▸ WHAT IS NEEDED:
Leave out every picture and set down, exactly, the lines below from the one holding "29 января в" up to and including the one holding "Nooruse Laul 2012 parimad.".

▸ GIVEN ENTRIES:
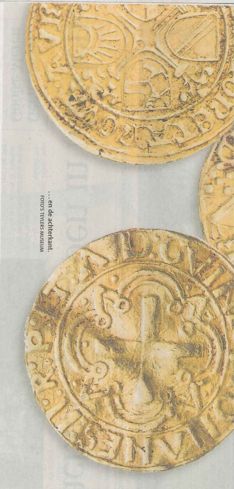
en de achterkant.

...

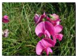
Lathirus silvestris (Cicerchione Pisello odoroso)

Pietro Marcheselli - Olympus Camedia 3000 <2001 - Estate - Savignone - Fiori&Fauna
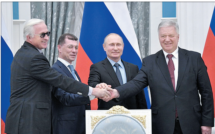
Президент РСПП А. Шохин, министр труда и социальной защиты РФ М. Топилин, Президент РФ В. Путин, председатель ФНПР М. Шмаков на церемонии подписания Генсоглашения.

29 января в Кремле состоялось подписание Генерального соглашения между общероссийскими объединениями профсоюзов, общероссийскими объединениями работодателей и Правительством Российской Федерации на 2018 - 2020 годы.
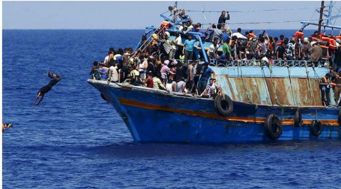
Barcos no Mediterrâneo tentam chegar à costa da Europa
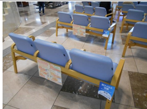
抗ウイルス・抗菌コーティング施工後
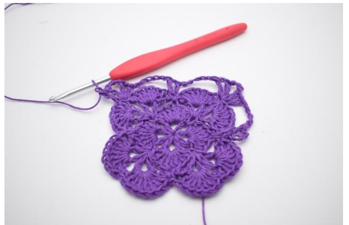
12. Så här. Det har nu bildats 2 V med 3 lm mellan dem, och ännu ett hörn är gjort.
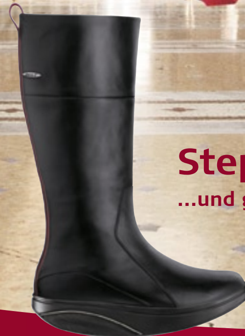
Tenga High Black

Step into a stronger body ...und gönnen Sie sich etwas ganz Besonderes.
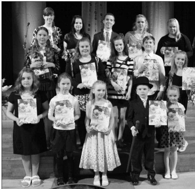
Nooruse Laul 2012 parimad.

▸ WRITTEN SOLUTION:
29 января в Кремле состоялось подписание Генерального соглашения между общероссийскими объединениями профсоюзов, общероссийскими объединениями работодателей и Правительством Российской Федерации на 2018 - 2020 годы.
Barcos no Mediterrâneo tentam chegar à costa da Europa
抗ウイルス・抗菌コーティング施工後
12. Så här. Det har nu bildats 2 V med 3 lm mellan dem, och ännu ett hörn är gjort.
Tenga High Black

Step into a stronger body ...und gönnen Sie sich etwas ganz Besonderes.
Nooruse Laul 2012 parimad.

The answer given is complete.